Glycopeptides organized into respective Excel worksheets

33.

Below the Total Areas, you'll see a section titled "Percent Relative Abundance". Heron Glyco has calculated the percent relative abundance by the area of the single glycopeptide divided by the total of the area of all glycopeptides in that worksheet multiplied by 100. This is done per replicate.

34.

The next section below is the Replicate Average Percent Relative Abundance. Here, Heron Glyco has averaged any replicates' percent relative abundance together. Replicates are determined by nomenclature specified in the Assumptions under G uidelines of this protocol. Please see that for more information on setting up replicate names.

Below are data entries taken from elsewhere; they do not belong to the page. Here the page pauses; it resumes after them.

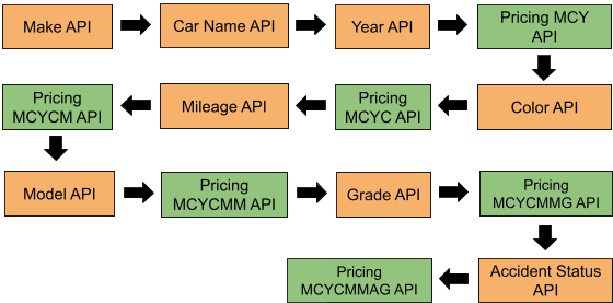 - PricingMCYCMMGA API - Pricing By Make, Car Name, Year, Color, Mileage, Model, Grade and Accident Status (Minimum - Maximum and Average Prices to be displayed on the basis of selected API’s)
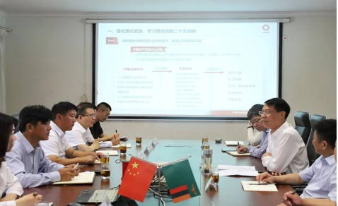 1月20日上午,蔣中文向中材礦山、蘇州中材、中材建設、智慧工業(yè)等在贊比亞團隊講授主題為“自信自立、守正創(chuàng)新、勇?lián)鷩H化發(fā)展前沿重任”的黨課,并提出以下要求:一是強化理論武裝,充分學習貫徹黨的二十大精神。二是牢固樹立戰(zhàn)略思維,確保中材國際發(fā)展戰(zhàn)略在贊比亞有效落實。三是堅持立足屬地發(fā)展,接續(xù)公司國際化發(fā)展偉大事業(yè)。
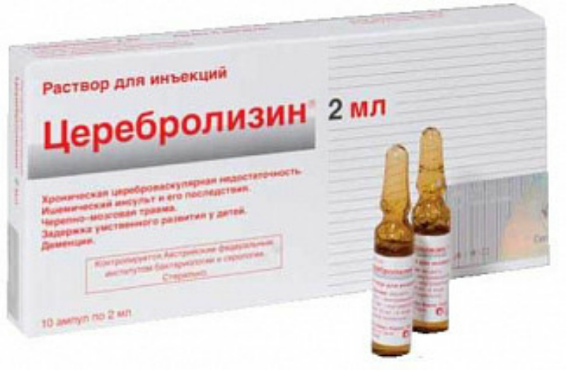Komposisinya meliputi peptida yang diperoleh dari otak babi. Paling sering diresepkan untuk pelanggaran sirkulasi serebral, dengan stroke, dengan konsekuensi WTC. Ini juga diresepkan untuk penyakit Alzheimer, keterbelakangan mental pada anak-anak. Harga: mulai 1050 rubel.
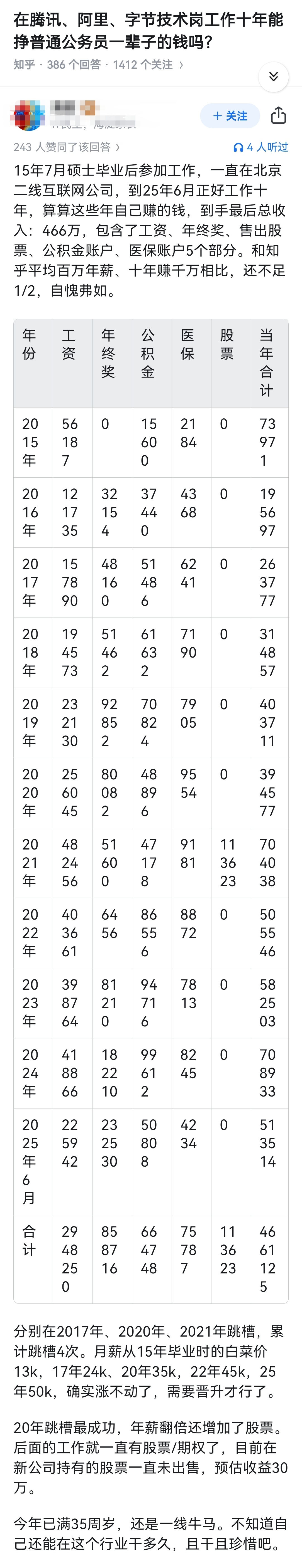 在腾讯、阿里、字节技术岗工作十年能挣普通公务员一辈子的钱吗?
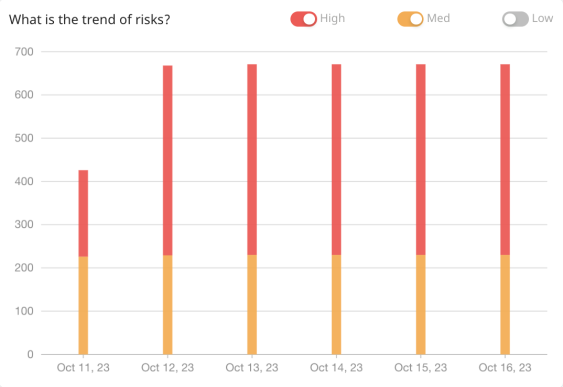 Mouse over any specific date in this graph to see the count summary for each risk severity.

If no replicates are denoted, it will use the percent relative abundance calculated above.

35.

Each worksheet contains a pie chart, per sample using the value calculated in the Replicate Average Percent Relative Abundance. Each pie chart title is the name of the replicate it represents. The pie chart is showing what percentage of the whole sample that each glycopeptide within that worksheet represents.